Swiss Healthcare Champion Sees Market Improvement
«The global healthcare sector is once again moving back into investors’ strategic focus. After a phase marked by political uncertainty and volatile valuations, attention is shifting back to fundamentals,» explains Marcel Fritsch, Head of Healthcare Funds & Mandates at Bellevue Asset Management.
The J.P. Morgan Healthcare Conference 2026 in San Francisco – the most important investor conference for the healthcare sector at the start of the year – conveyed a picture of growing stabilization. One of the conference’s key signals was a noticeable easing of concerns around price regulation, particularly in the United States. Leading pharmaceutical companies reported that recent agreements with the US government are viewed as limited in scope and largely manageable.
This, says Marcel Fritsch, Head of Healthcare Funds & Mandates at Bellevue Asset Management, creates greater planning certainty for the coming years and reduces a key macro risk. According to Fritsch, changes are also emerging in Europe: «Political pressure is growing to adequately remunerate medical innovation, particularly for new product launches. As a result, companies are gaining negotiating power, and market entry strategies are being managed more actively. Pricing issues are thus losing their dominant influence on valuations, while innovation and commercial execution are moving further into the foreground.»
Biotech: Operational progress underpins sentiment
In the biotech and pharmaceutical sector, according to the Zurich-based healthcare specialist, the focus was less on takeover speculation and more on operational progress. «After a pronounced M&A phase last year, the conference was relatively quiet in terms of new deals, but the operational signals were broadly constructive,» he says.
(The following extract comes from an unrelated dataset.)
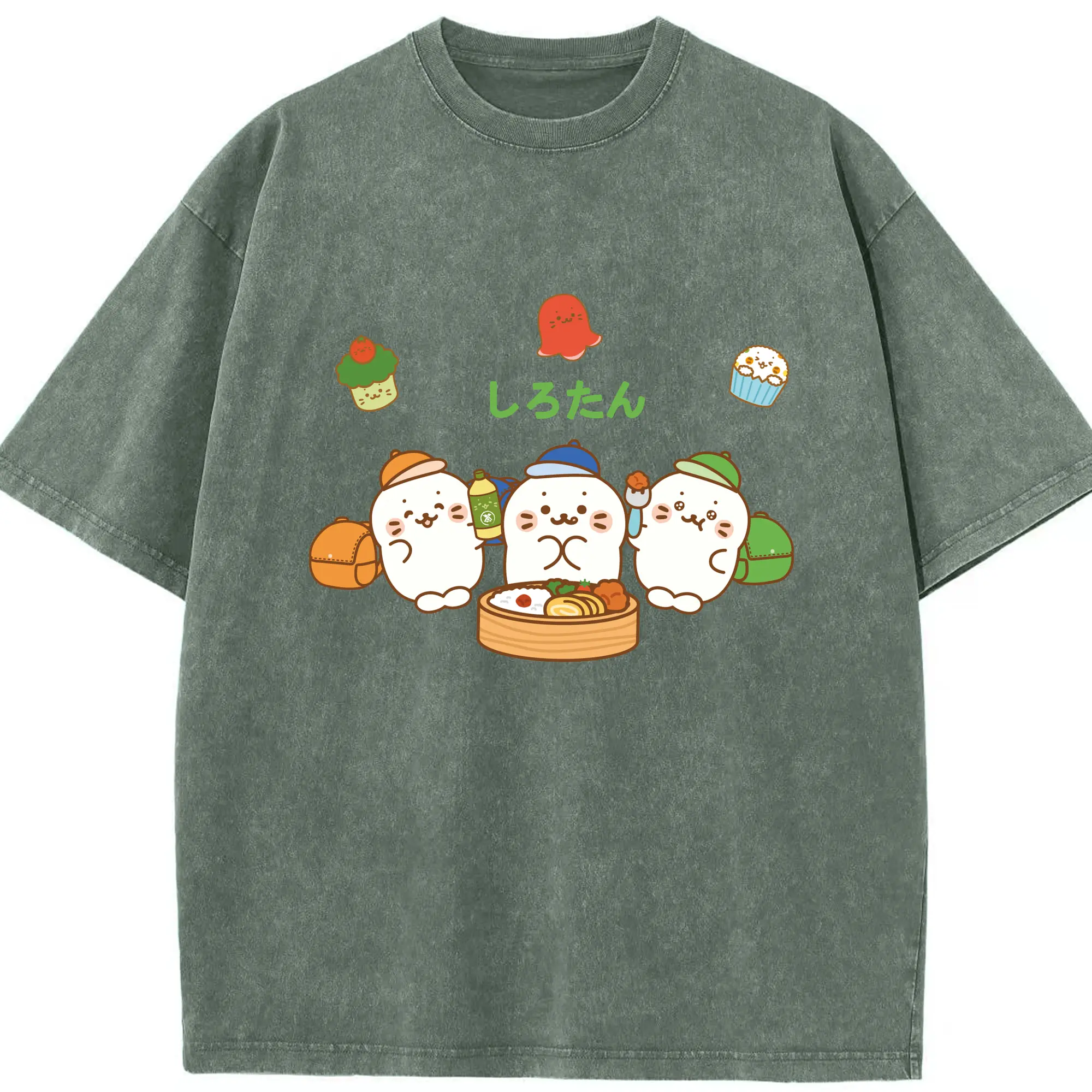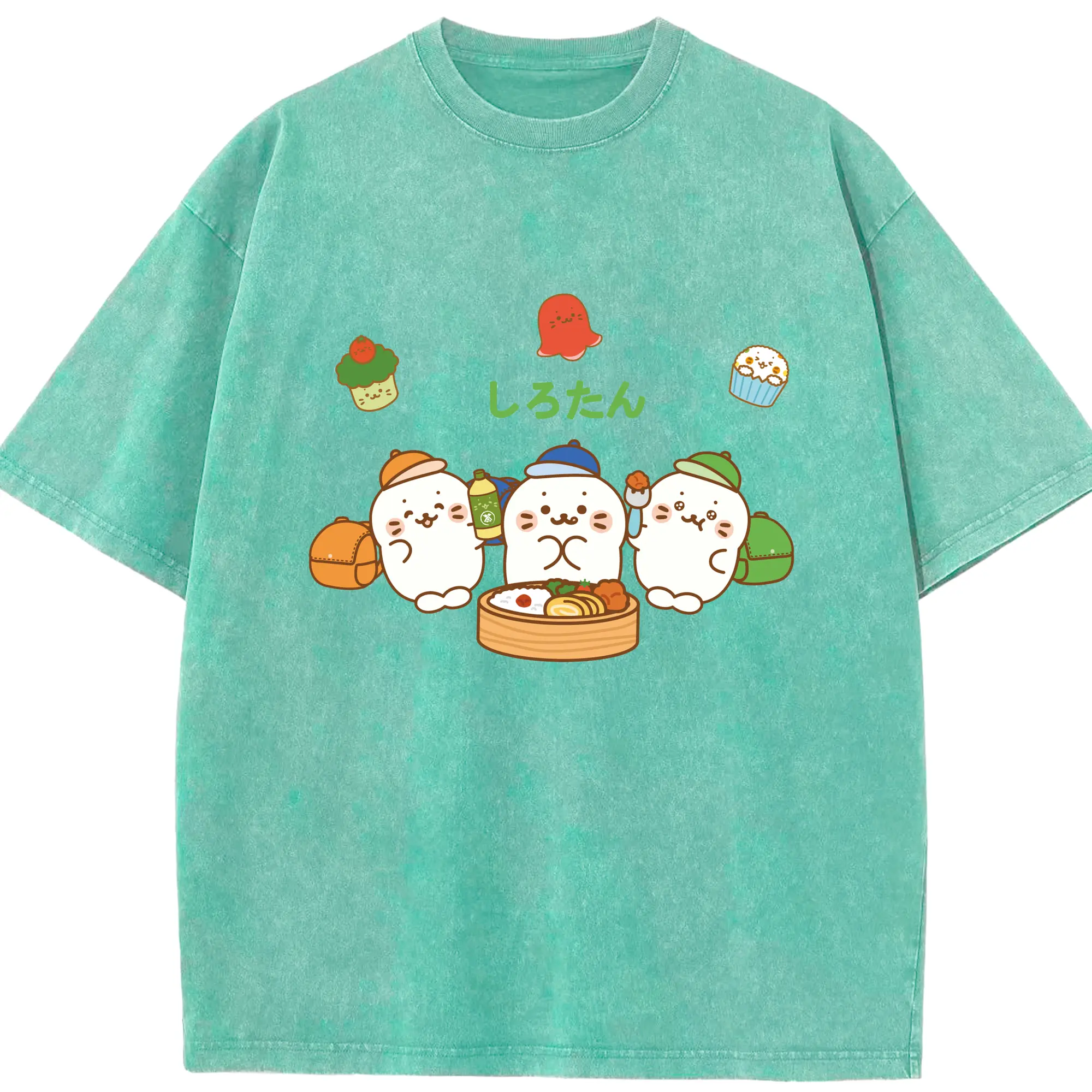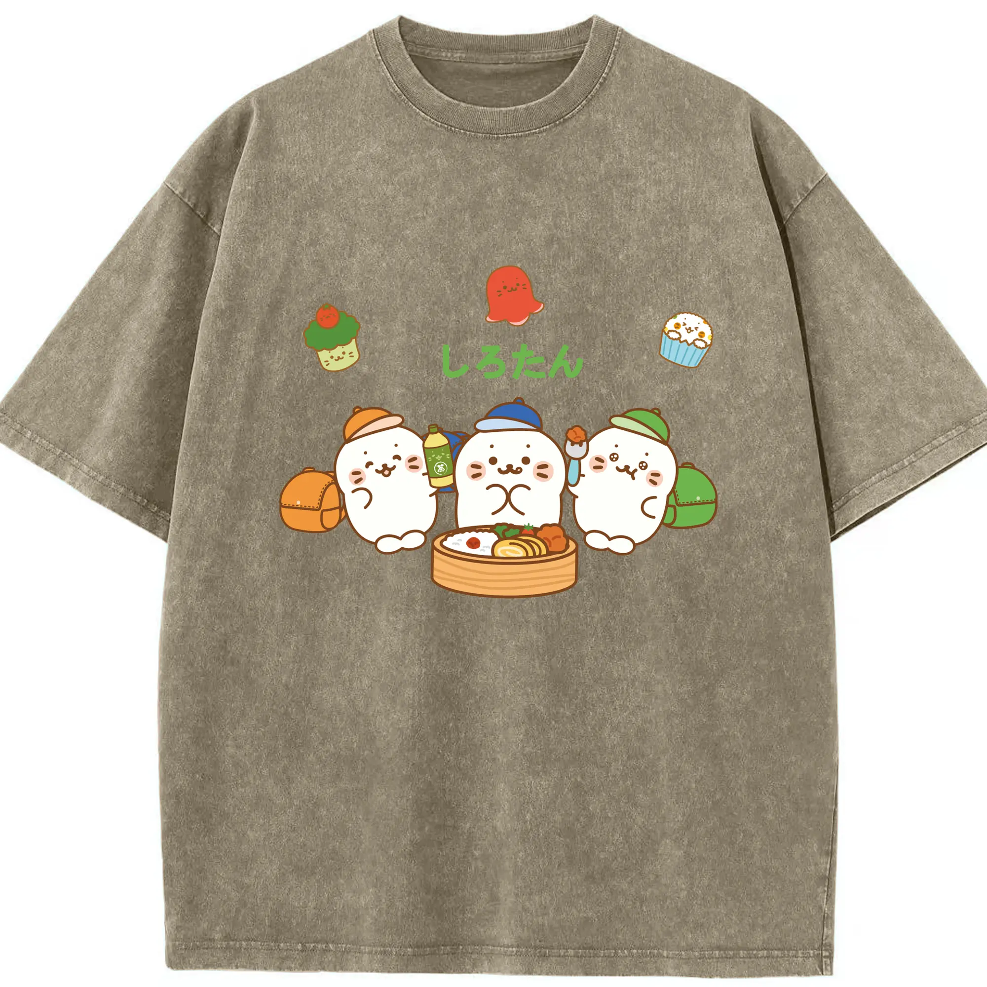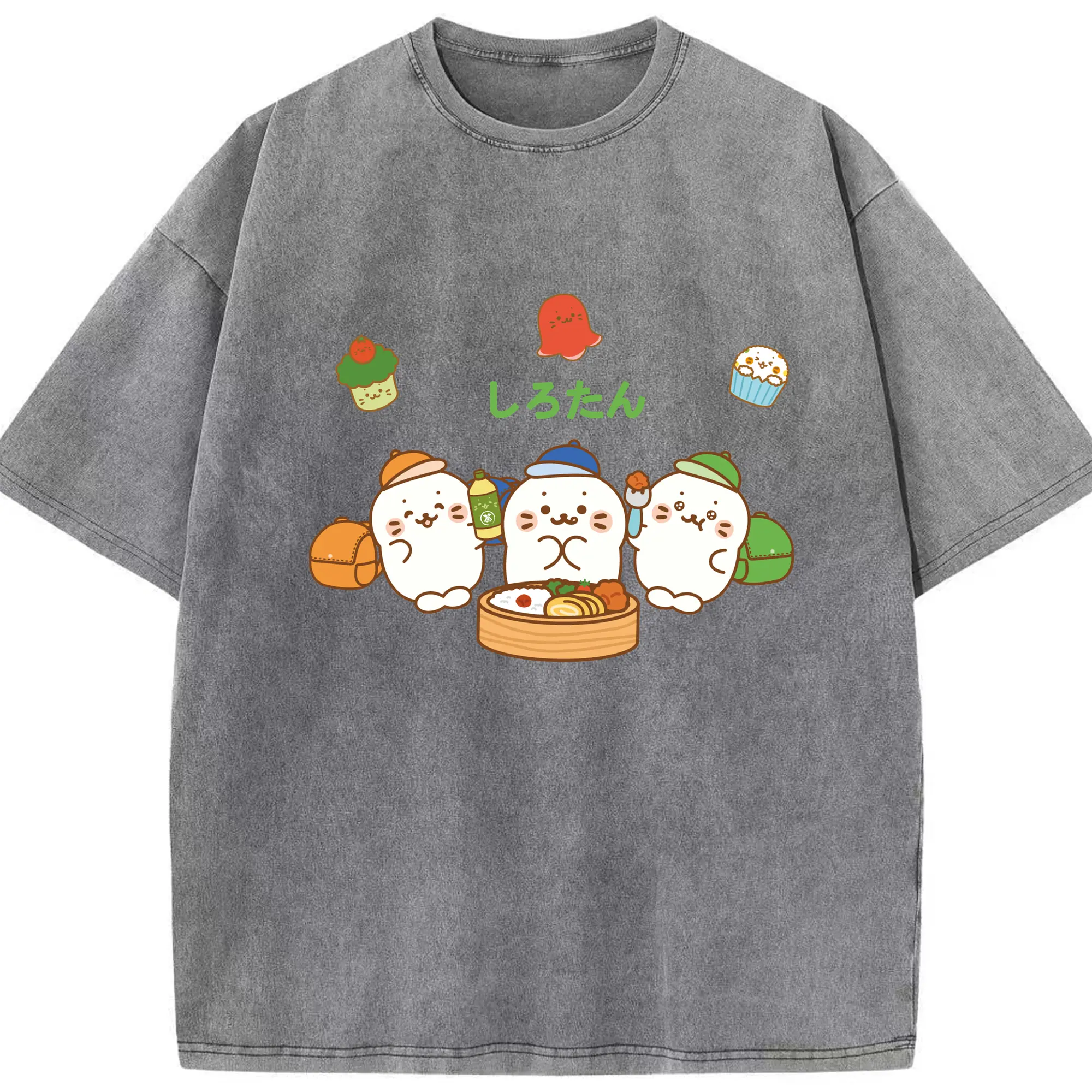 TinyTAN 🐳 × BTS 可愛いデザイン ファンコレクション - 綿100% ヴィンテージ風 半袖Tシャツ ・ フロントプリント ・ 柔らか肌触り ・ 通気性 快適 ・ スポーツ カジュアル 外出用

Preliminary financial figures and updated outlooks provided a stabilizing effect.
From an investor perspective, Fritsch highlights visible progress in product launches and pipelines as decisive. BridgeBio demonstrated growing market traction with Attruby in the treatment of ATTR cardiomyopathy and has several near-term clinical catalysts. Madrigal strengthened confidence in sustained demand for Rezdiffra, supported by rising diagnosis rates in liver disease and the build-up of a long-term, viable franchise. BioNTech impressed with the breadth and depth of its oncology pipeline and a high density of late-stage clinical trials. Overall, the conference showed that innovation is once again being assessed in a more differentiated way, and that operational execution is increasingly driving investor confidence.
Medtech: Penumbra acquisition sets a marker
This assessment also applies to the medtech sector, according to Fritsch: «Discussions with large companies showed that business is largely running according to plan and that annual targets appear achievable.» Intuitive Surgical, for example, reported a significant increase in procedure volumes, underlining robust medical demand. A strategic signal was sent by Boston Scientific with its acquisition of Penumbra for $14.5 billion, a provider of innovative therapies with strong growth potential. Penumbra also significantly exceeded market expectations in terms of revenue growth. Positive trends are evident in adjacent segments as well. Companies that had previously underperformed are returning to a growth trajectory, while providers of life sciences tools are benefiting from a gradual recovery in demand. The segment remains an important innovation driver within the healthcare system.
Attractive valuations require active selection
According to Fritsch, the healthcare sector currently offers investors an attractive entry point. Despite improving operational prospects and growing visibility, many companies continue to trade at valuation discounts relative to the broader equity market. At the same time, dispersion within the sector remains significant. While some companies benefit from innovation, successful product launches and structural growth, others are lagging behind. For investors, this means that broad market exposure is insufficient. Value creation lies in active selection and in-depth analysis of business models, pipeline quality and execution capabilities. In this environment, healthcare can once again be positioned as a strategically relevant core allocation that combines stability with growth.